* Assigned task *
I would like the lines below, from the one with "何やら家庭科室からいい薫りが" through the one with "Download the instructions", copied exactly and without any pictures.

* Materials provided *

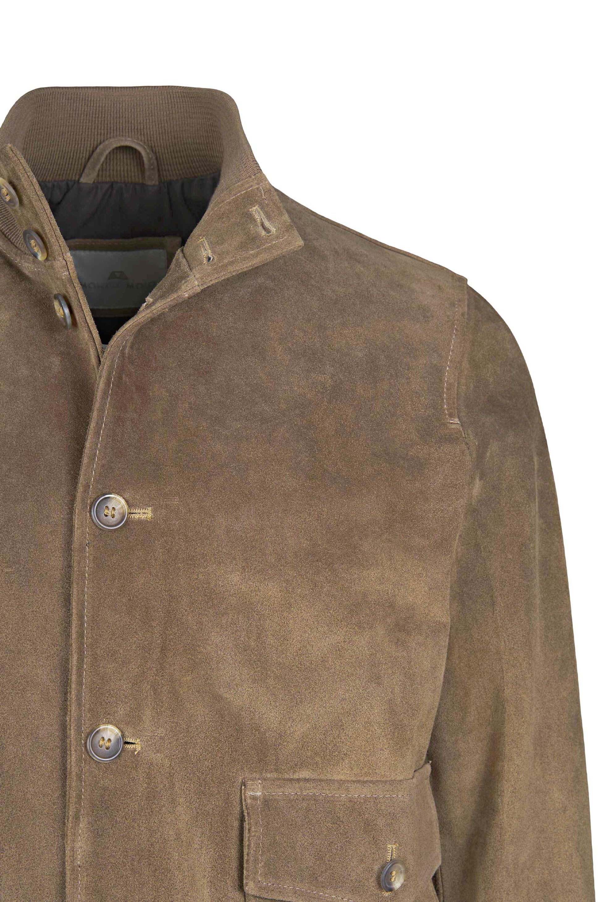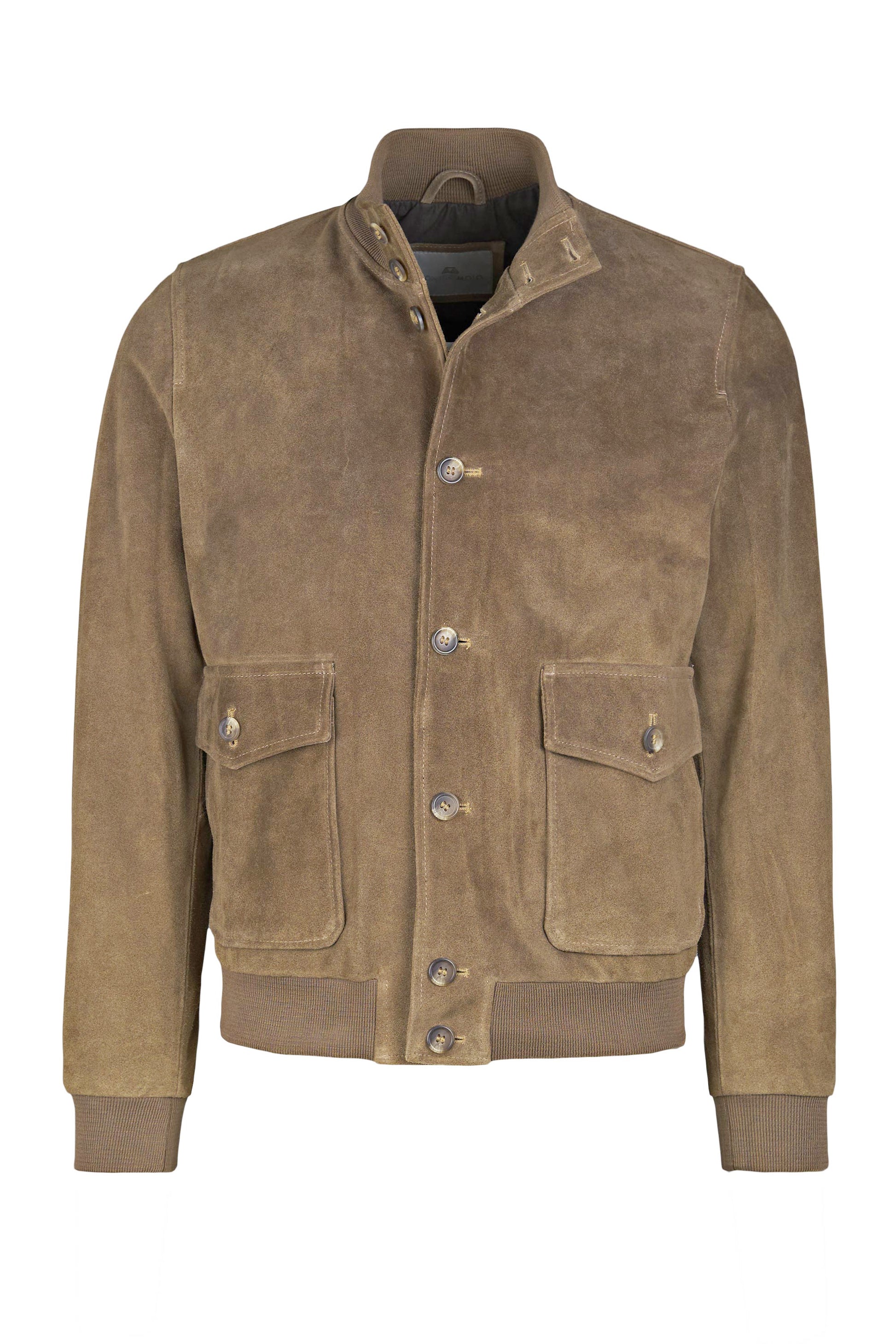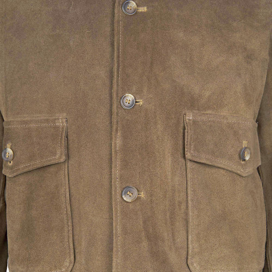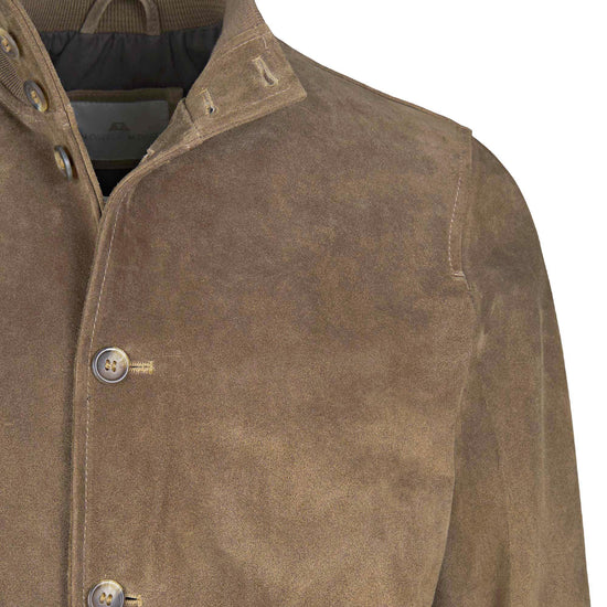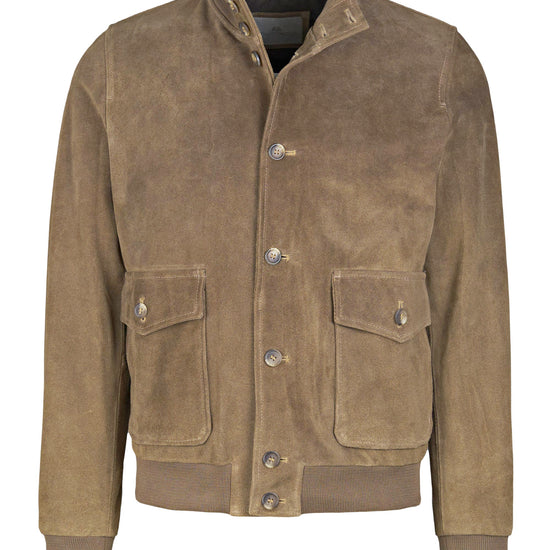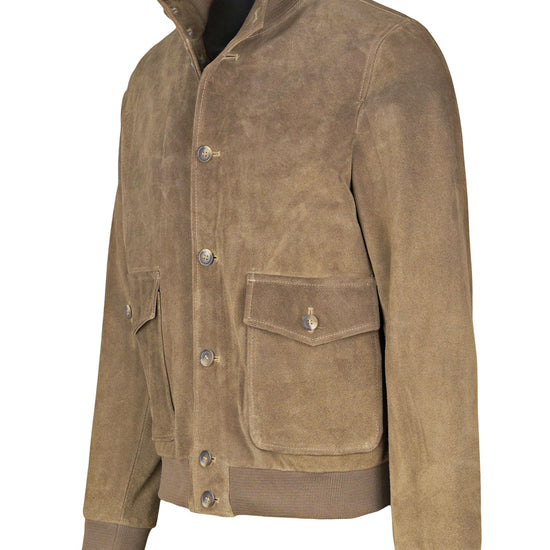 Suede leather bomber jacket with a velvety hand and a timeless, clean silhouette. The front closes with five buttons featuring thick top-stitching and warm-tone keyhole details, while a smooth knit stand collar wraps the neck; a small leather throat tab with buttonholes lets you secure it when needed. Two generous flap pockets structure the front and keep essentials close. Ribbed hem and cuffs cinch the waist for comfort and shape retention. A light inner lining makes it easy to slip on and off. The mid-brown hue enhances the depth of the suede and pairs effortlessly with denim, chinos or flannel trousers.
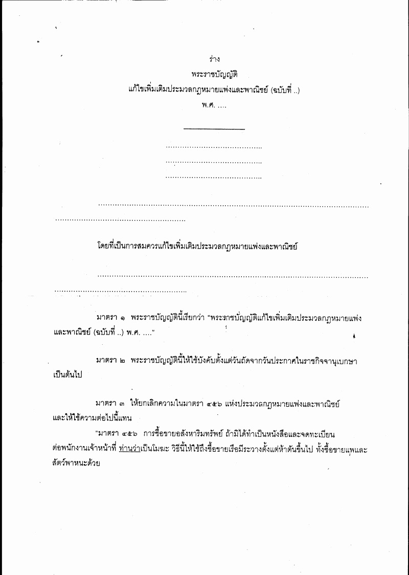 • ร่างพระราชบัญญัติแก้ไขเพิ่มเติมประมวลกฎหมายแพ่งและพาณิชย์ (ฉบับที่ ..) พ.ศ. ....
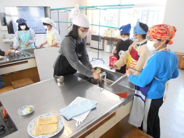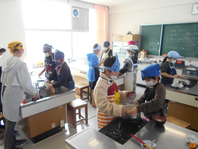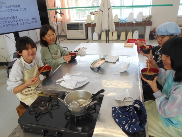 何やら家庭科室からいい薫りが・・・。5年生がみそ汁作りの調理実習です。具は油揚げとネギなのですが、おいしいんですよ。これがまた!(味見しました、ごちそう様!)。「おうちでつくってみたい」「わかめを入れたい」という声が聞けて嬉しいですね。土日の宿題に出たかもしれませんね。
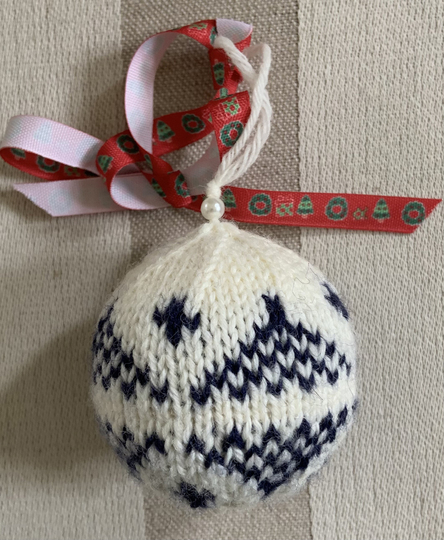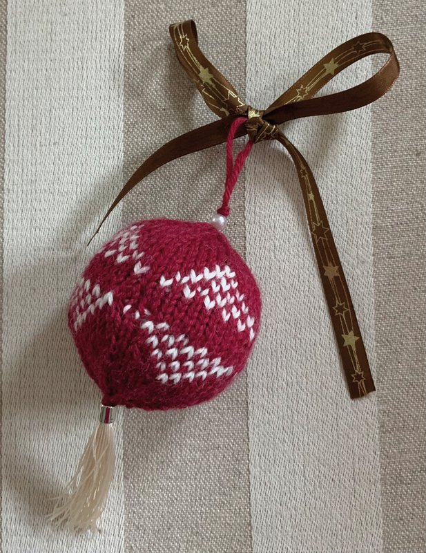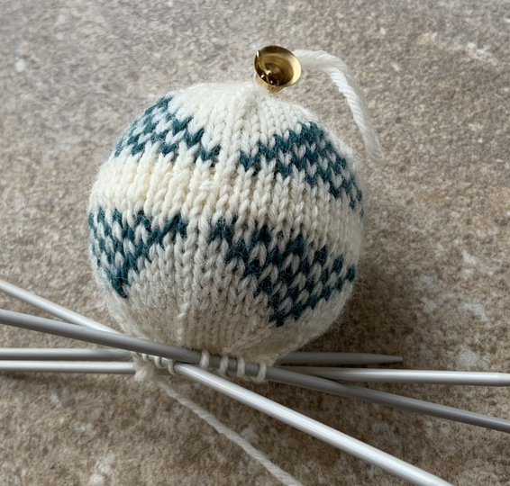 Anleitung, wie man eine Styroporkugel bestricken kann - hier mit einem Norwegermuster wie man es auch auf Pullovern findet.
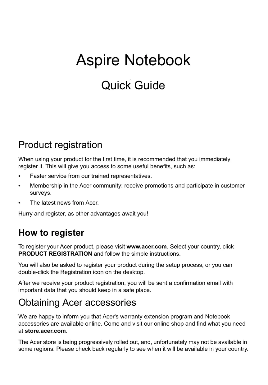 Download the instructions for your Laptop in PDF format for free! Find your manual ASPIRE V5-171 - ACER and take your electronic device back in hand. On this page are published all the documents necessary for the use of your device. ASPIRE V5-171 by ACER.
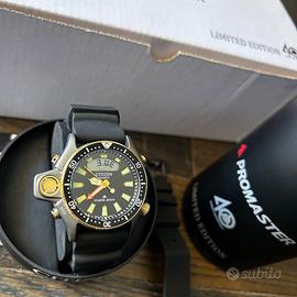 Citizen Promaster Aqualand 40° Anniversario – JP2008-06E - Limited Edition - Nel 1985, Citizen presentò il primo orologio subacqueo al mondo con profondimetro elettronico: il leggendario Aqualand. Per celebrare il suo 40° anniversario, Citizen propone un modello in edizione limitata, il JP2008-06E, un tributo moderno ma fedele al design originale Questa edizione mantiene gli elementi distintivi come la corona a ore 4, i tre pulsanti e il sensore di profondità a ore 9, rimanendo fedele all’estetica storica. Si arricchisce però di eleganti dettagli dorati all’interno di una cassa in acciaio inox grigio opaco con finitura ionica Dotato di funzioni quali orario, calendario, allarme e cronografo, l’orologio offre anche misurazione della profondità, monitoraggio del tempo di immersione, allarme di risalita e lancette luminescenti per garantire visibilità sott’acqua. Il cinturino è realizzato in BENEBiOL, un poliuretano di origine vegetale, mentre il fondello inciso celebra questo importante traguardo Specifiche tecniche: •Movimento: Quarzo, precisione ±20 sec/mese •Funzioni: Ora, calendario, allarme, cronografo (1/100 sec, contatore 100 minuti), profondimetro, modalità immersione, allarme di risalita •Cassa: Acciaio inox grigio con trattamento ionico, 50 mm •Cinturino: Poliuretano nero BENEBiOL con chiusura ad ardiglione •Vetro: Minerale •Impermeabilità: 200 metri •Edizione limitata: 5.800 esemplari in tutto il mondo •Confezione speciale: box celebrativo con mini bombola sub commemorativa •Garanzia: 5 anni (valida in tutto il mondo, con registrazione digitale presso Citizen Service Center) Informazioni aggiuntive: •Inclusa ricevuta d’acquisto originale da Rivenditore Autorizzato Citizen (fine agosto 2025) •Garanzia internazionale Citizen valida fino al 26 agosto 2030, registrata digitalmente e riconosciuta a livello mondiale x 5 anni •Spedizione nazionale esclusivamente tramite corrieri espressi (UPS o Bartolini) •Per ulteriori informazioni contattatemi direttamente
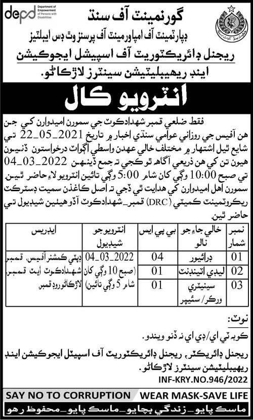 Regional Directorate of Special Education is looking for candidates for following posts as per job advertisement published in daily Kawish Newspaper of March 1, 2022 for location Larkana, larkana Sindh Pakistan:
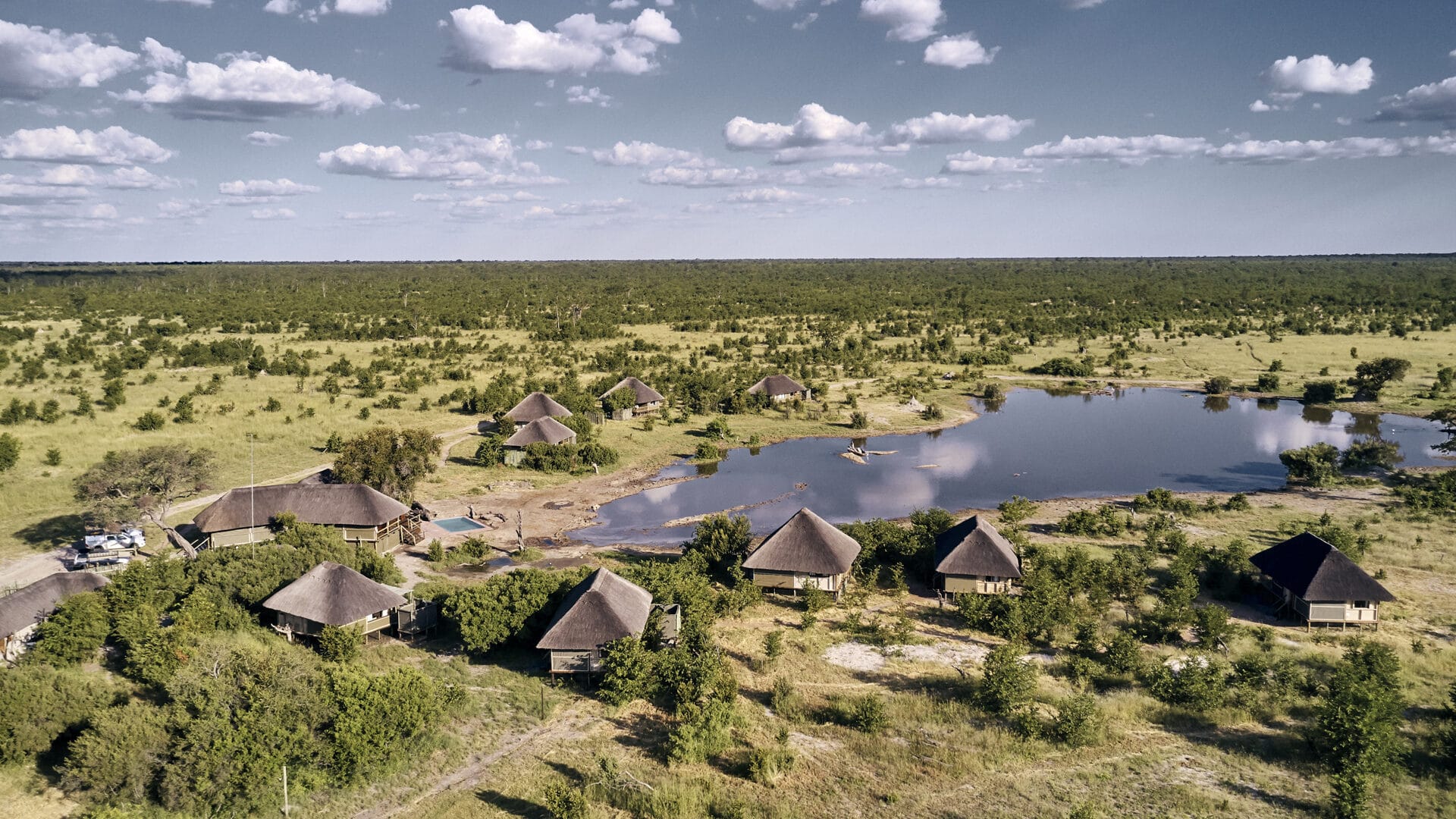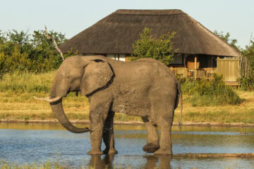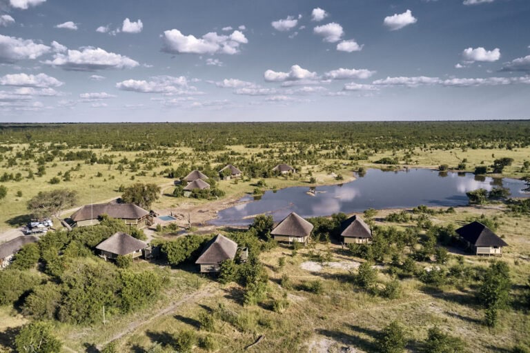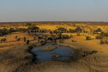 Situated on a private concession in northern Hwange National Park, Nehimba Lodge offers a sublime safari experience where comfort meets wilderness. Nine spacious canvas-under-thatch tents sit on elevated teak decks, providing serene views over the magnificent lodge waterhole—a gathering place for elephants, especially during the dry season.
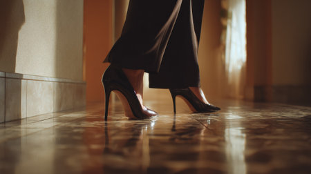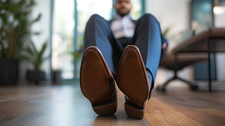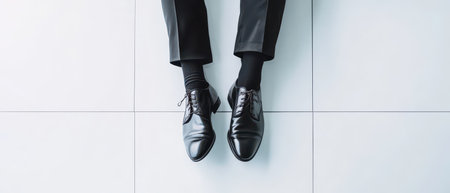 Black dress shoes on a polished floor suggest a formal business setting. The image conveys professionalism and attention to detail.
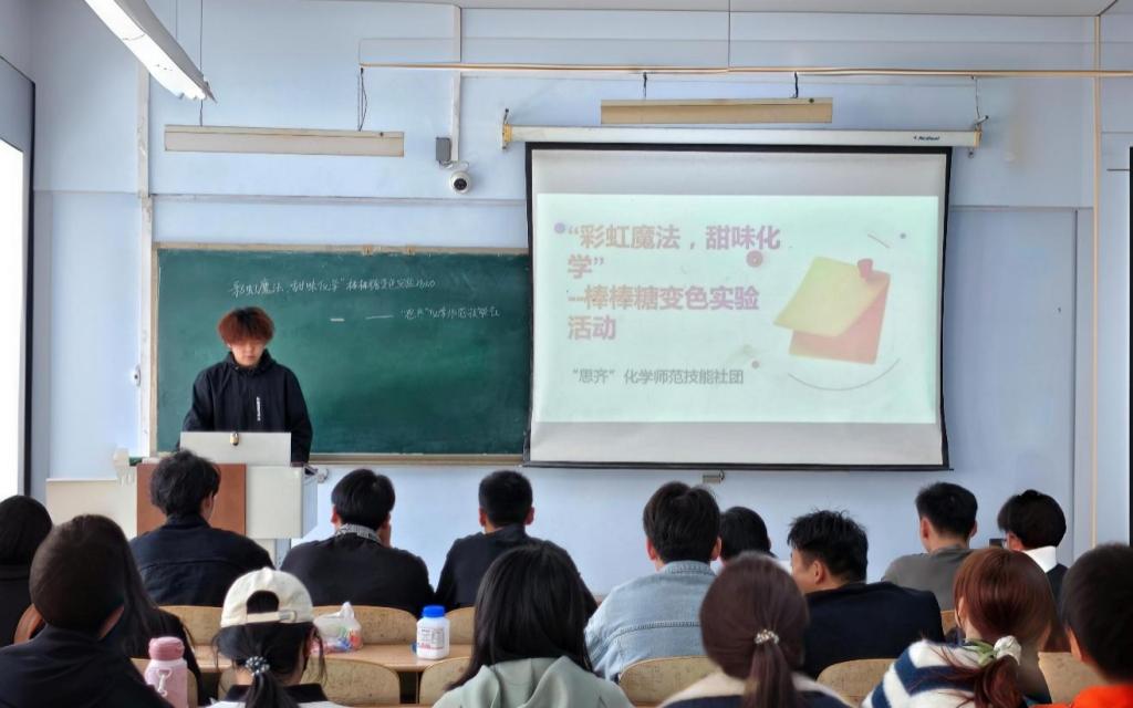 为激发学生对化学学科的兴趣,同时培养同学们的观察力、团队协作能力和环保意识,人人爽人人爽于4月19日在求实楼403开展“彩虹魔法,甜味化学”活动。

* Response area *
 何やら家庭科室からいい薫りが・・・。5年生がみそ汁作りの調理実習です。具は油揚げとネギなのですが、おいしいんですよ。これがまた!(味見しました、ごちそう様!)。「おうちでつくってみたい」「わかめを入れたい」という声が聞けて嬉しいですね。土日の宿題に出たかもしれませんね。
 Anleitung, wie man eine Styroporkugel bestricken kann - hier mit einem Norwegermuster wie man es auch auf Pullovern findet.
 Download the instructions for your Laptop in PDF format for free! Find your manual ASPIRE V5-171 - ACER and take your electronic device back in hand. On this page are published all the documents necessary for the use of your device. ASPIRE V5-171 by ACER.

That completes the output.